= Beginning of Section =

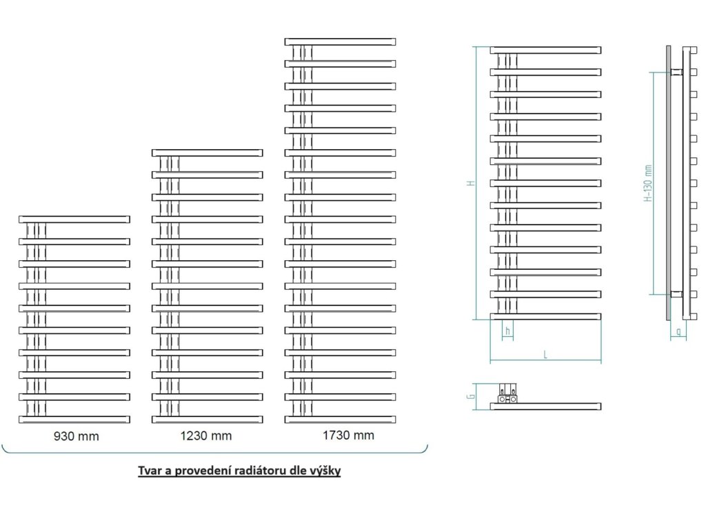 - 400 × 1230 mm, výkon 433 W, topná tyč 400 W
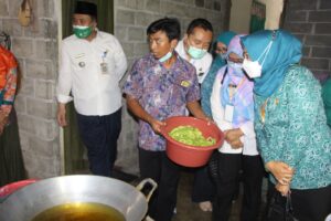 Foto 4 : Ketua TP PKK Kab Blitar beserta Tim Penilai sedang melihat proses pembuatan kripik pare.
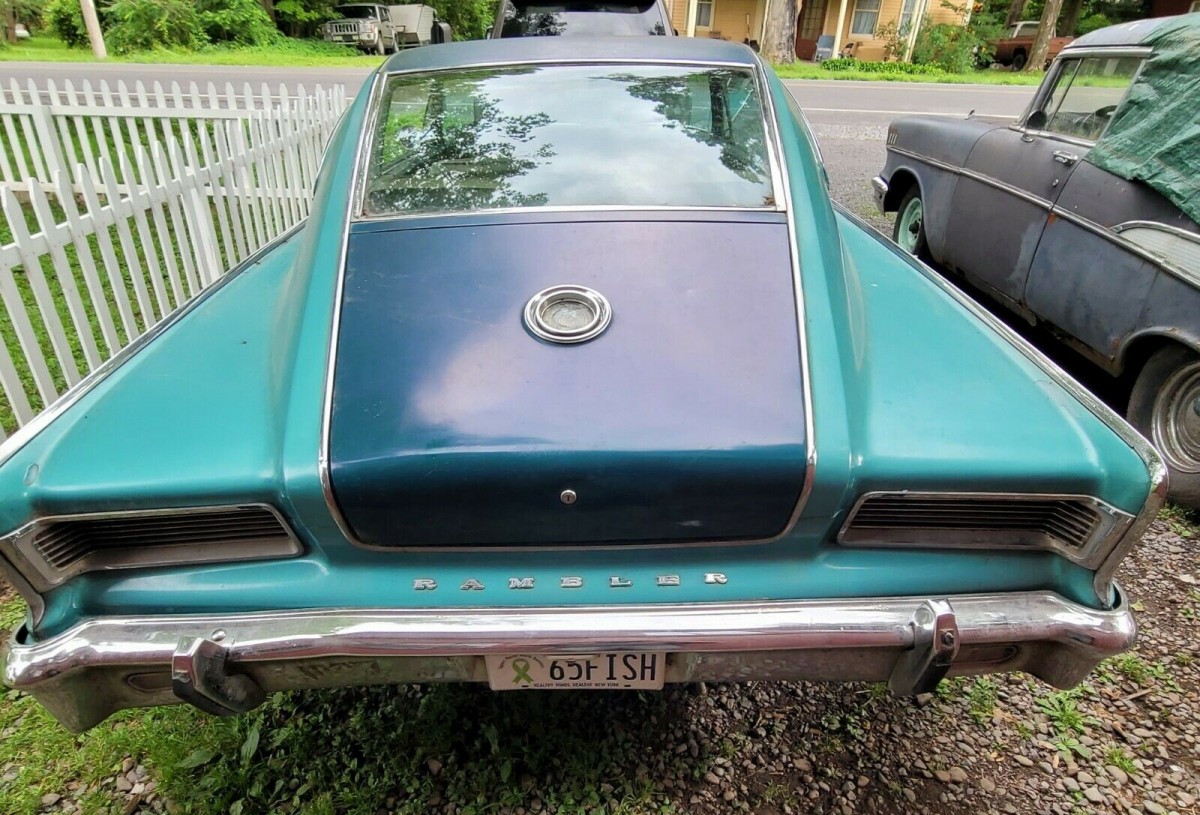 The local car show in my town couple weeks back, was relatively disappointing for a guy like me. Naturally, I was happy to see even a diminished interest, for many reasons, I’m sure. The one car that generated a lot of interest, was a ‘blue ’65 Marlin very similar. It was spotless, and turns out, the gal who was showing it, it was her mothers car she bought brand new.( wheels added later, she said) Our town did have a Rambler/Nash dealer until the 60’s, so it could have been a local car. I asked if I could see the motor, the gal reluctantly said “sure”, I could tell she had no idea, nor anyone standing around the car, knew how to open the hood. They were looking inside, uder the bumper,, I was the big hero,”it’s right here”, pointing to grill. A 327 that wreaked of gas. It was the only car I took a picture of.
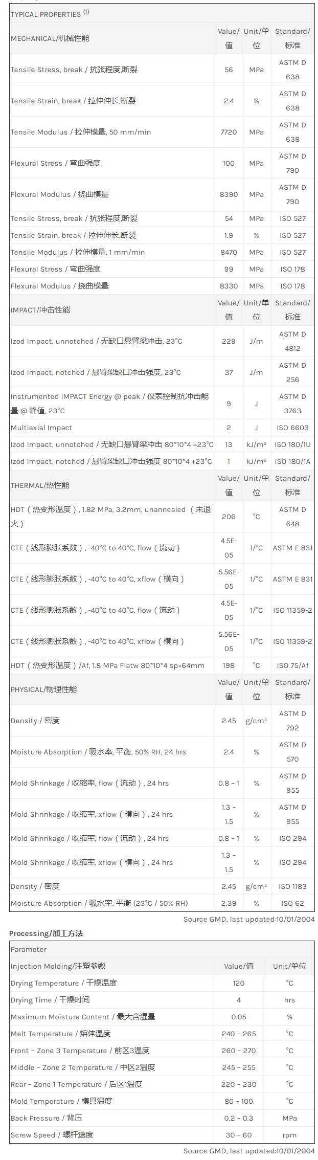 应用范围: 产品描述 LNP Thermocomp WH0245A物性表 LNP THERMOCOMP WH0245A是一种聚丁烯对苯二甲酸酯(PBT)材料,加工方式为:注射成型。 LNP THERMOCOMP* WH0245A is a compound based on Polybutylene Terephalate resin. Added features of this material
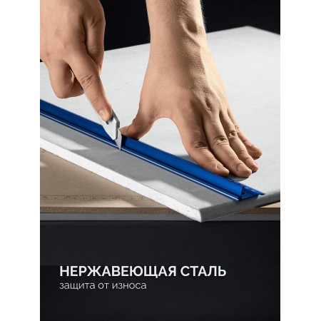 Обеспечивает ровные линии при резке и разметке благодаря стальной направляющей. Универсальный инструмент для любого производства.
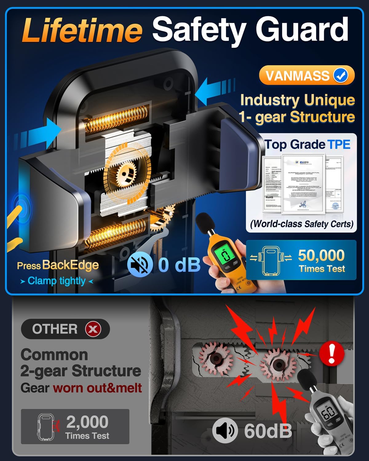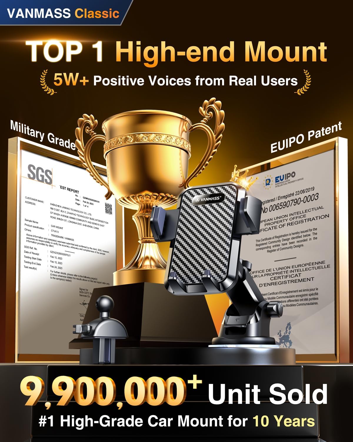 VANMASS ใ€85+LBS Strongest Suction & Military-Grade 2025 Ultimate Car Phone Mountใ€Patent & Safety Certsใ€‘ Cell Phone Holder Truck Stand for Dashboard Windshield Vent for iPhone 16 15 Pro Max 14 Samsung
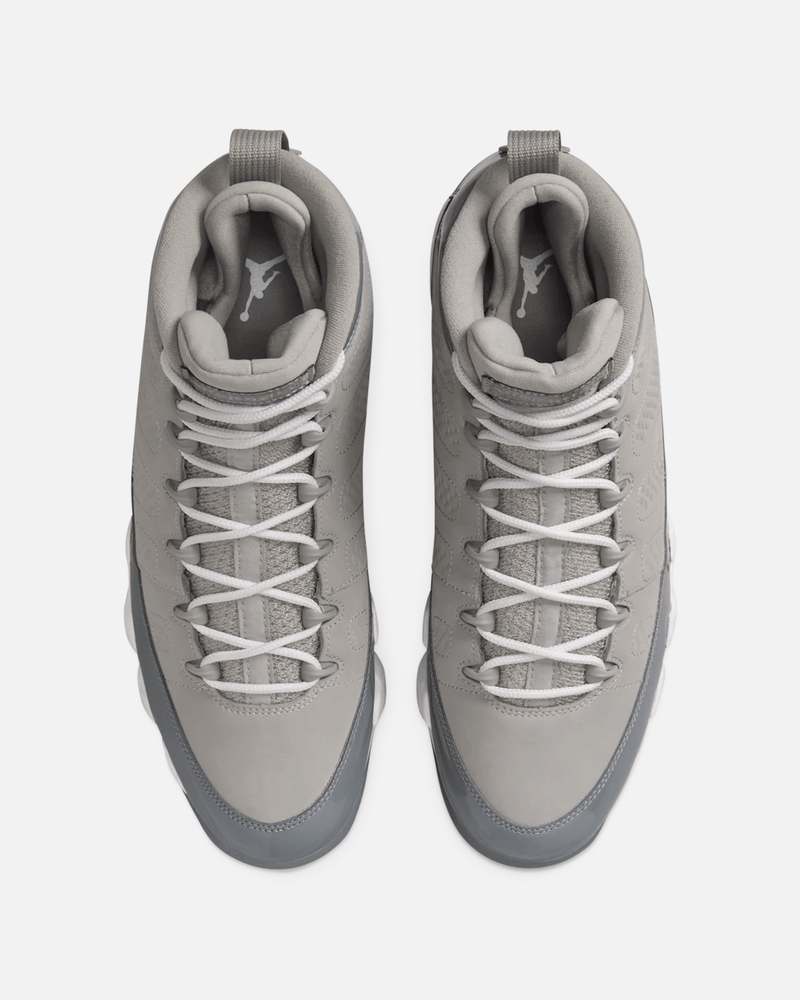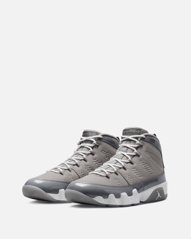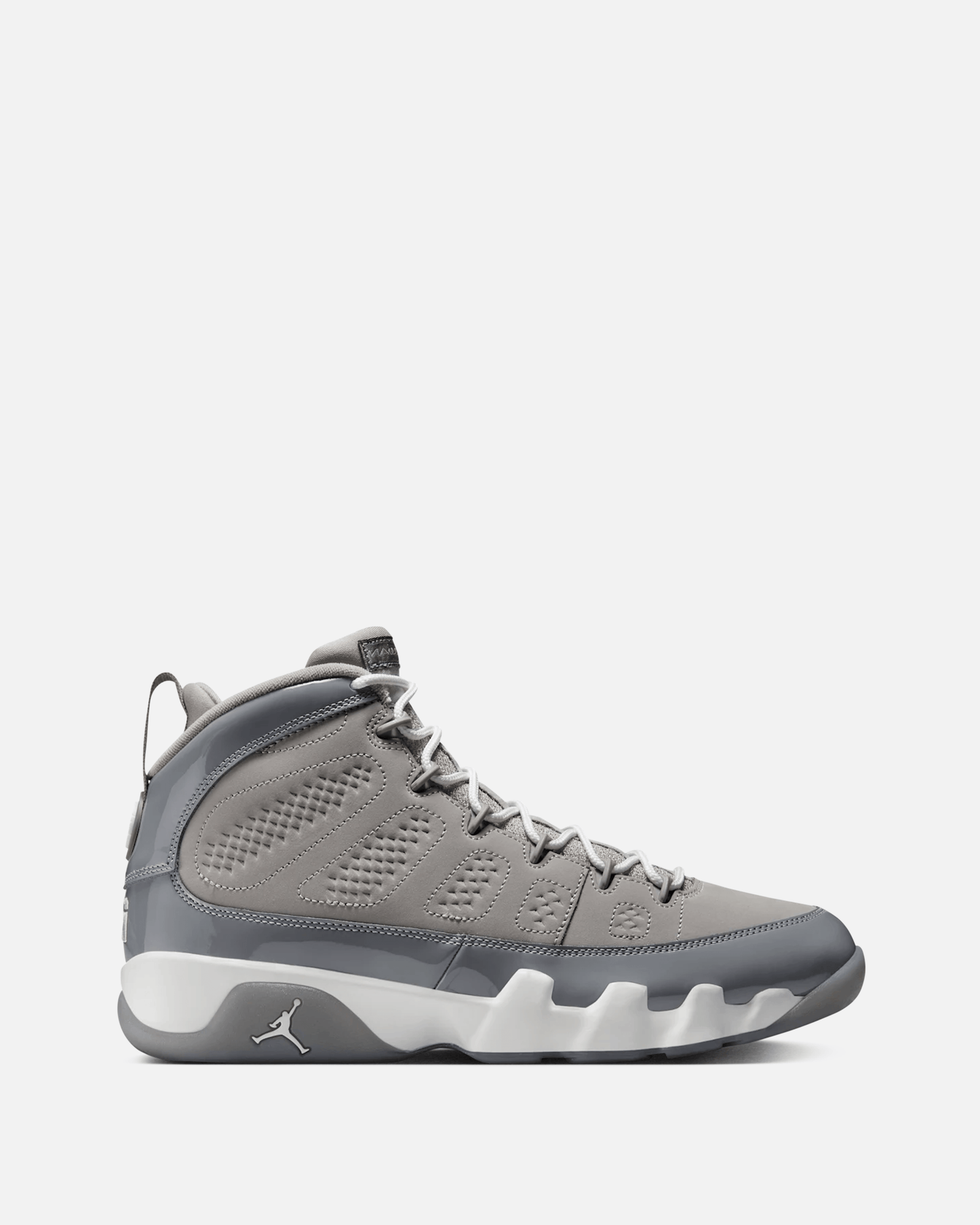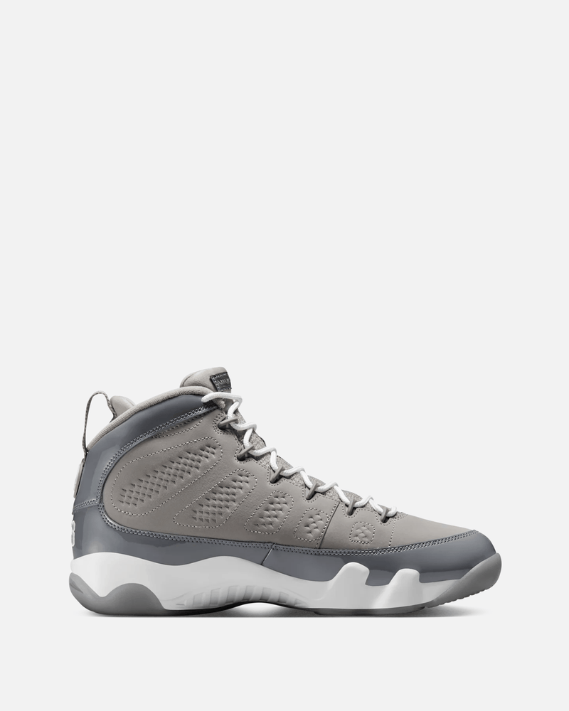 Air Jordan 9 in Medium Grey and Cool Grey. This hightop sneaker features a nubuck base with patent leather overlays on the toe, heel counter and collar. A jacquard nylon logo patch is stitched on the tongue with a stamped logo emblem on the heel counter.
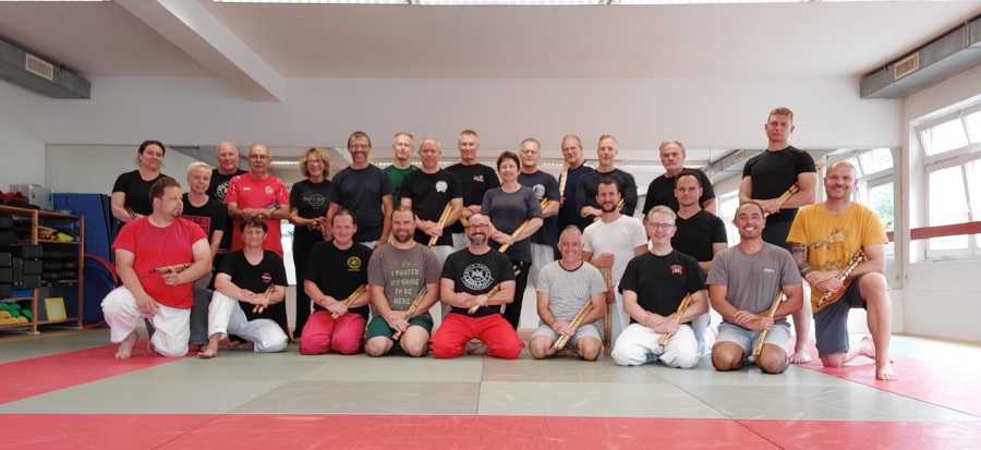 und Übungen für den Umgang mit dem Stock, dem Haupttrainingsgerät im Eskrima, los. Über drei Stunden lang wurden bei einer sehr angenehmen sportlichen, fast familiären Atmosphäre intensiv Abwehr- und
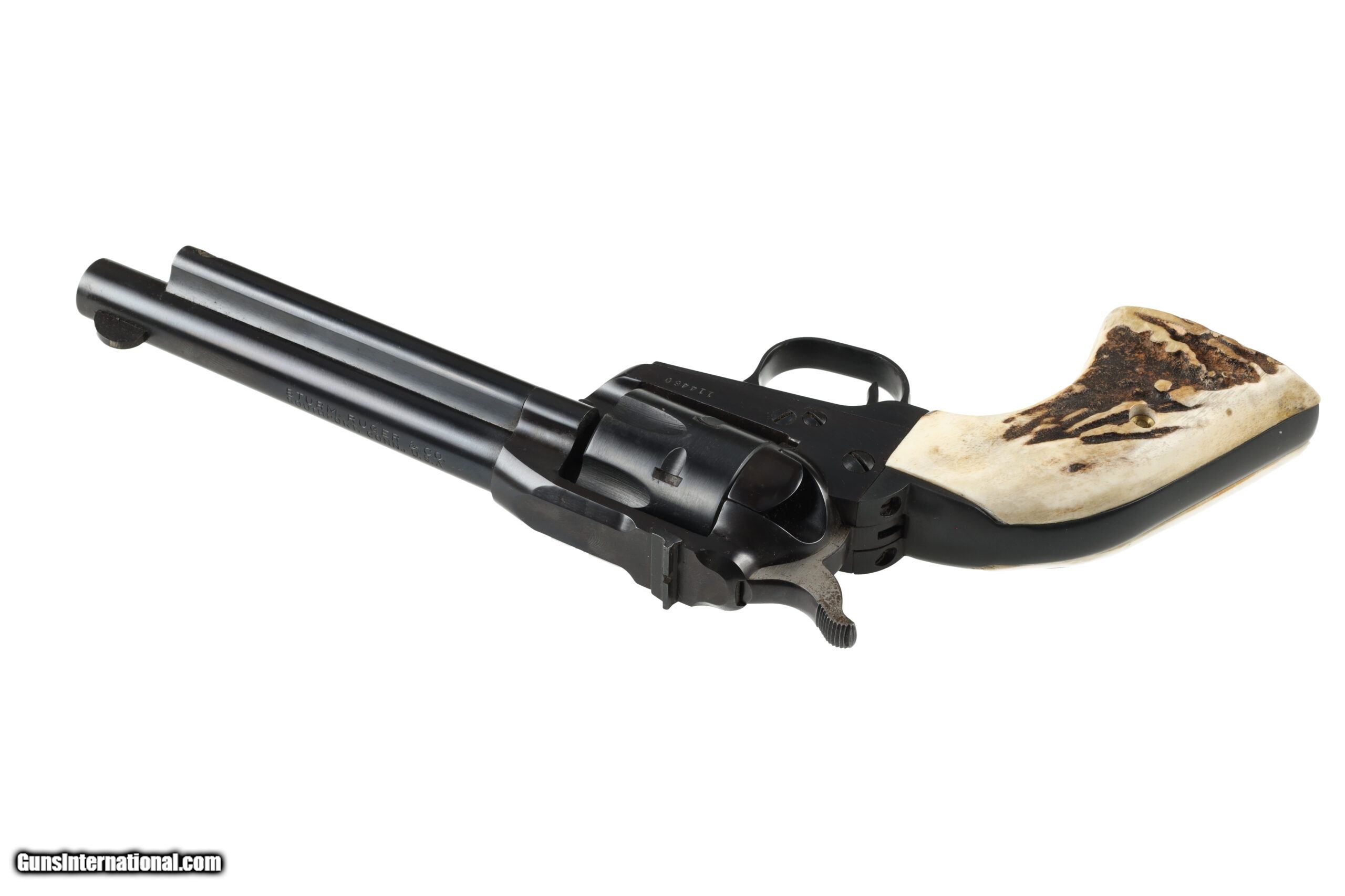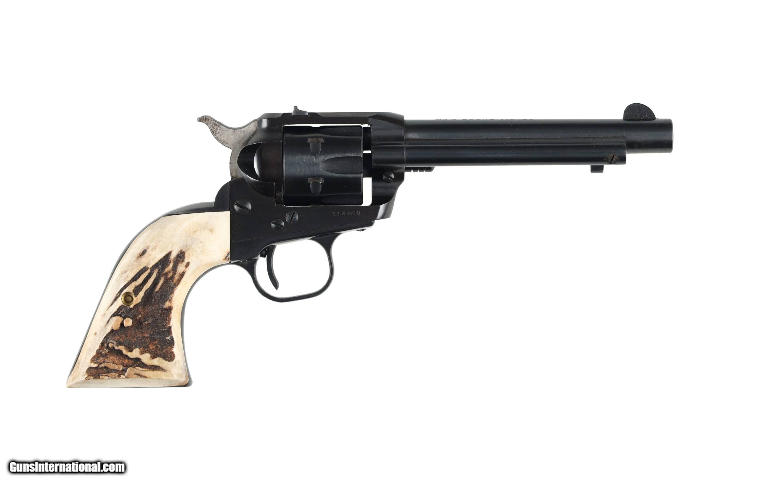 Description: This First Generation Ruger Single Six revolver, is in very good overall condition with only minor wear. This pistol also comes equipped with a set of custom stag grips and a leather holster with belt. Manufactured in: USA Hand: Right Hand Action Finish: Blue Action Description: Revolver Metal Finish: Original Barrel Length: 5.5 Inches Barrel Condition: Very Good Stock Finish: Original Stock Condition: Very Good Grip: Pistol SOLD Manufacturer: Ruger Model: Single Six Caliber Info: .22 Long Rifle Condition: Preowned Metal Condition: Very Good Action: Revolver Triggers: Single Finish: Original Weight: 3.2 lbs Case: Leather Scabbard |
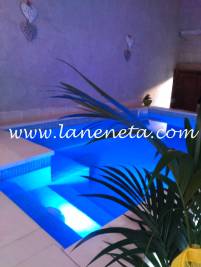 Patio con barbacoa. Terraza exterior con ping-pong, pequeño jardín. Piscina privada
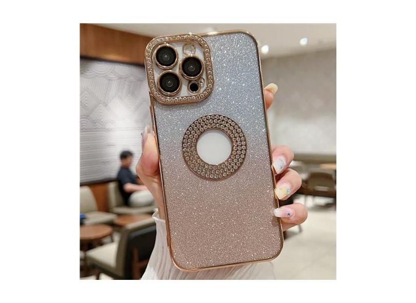 Para iPhone 15 Pro Max revestimento de luxo capa de telefone com moldura de diamante flash gradual para iPhone 11 12 13 14 15 Plus capa protetora de lente, capa banhada a ouro, para iPhone 12
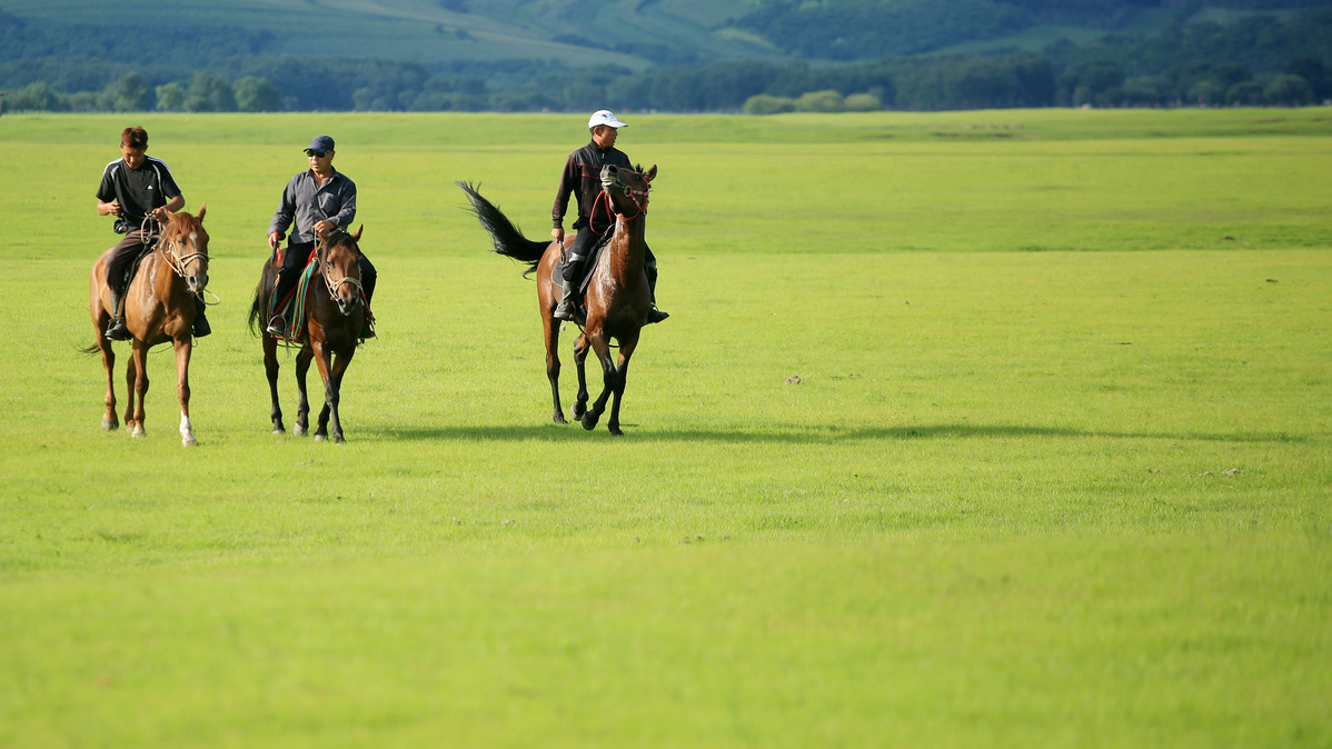 Tourists riding horses on the vast grassland in Daur Autonomous Banner of Morin Dawa in North China's Inner Mongolia autonomous region. [Photo by Jiang Xiwu/chinadaily.com.cn]

= End of Section =

:: Your instructions ::
No pictures should appear in the copy, which holds exactly the lines from the first line of the data through the line with "Foto 4 : Ketua" and nothing else.

:: Reply to the task ::
 - 400 × 1230 mm, výkon 433 W, topná tyč 400 W
 Foto 4 : Ketua TP PKK Kab Blitar beserta Tim Penilai sedang melihat proses pembuatan kripik pare.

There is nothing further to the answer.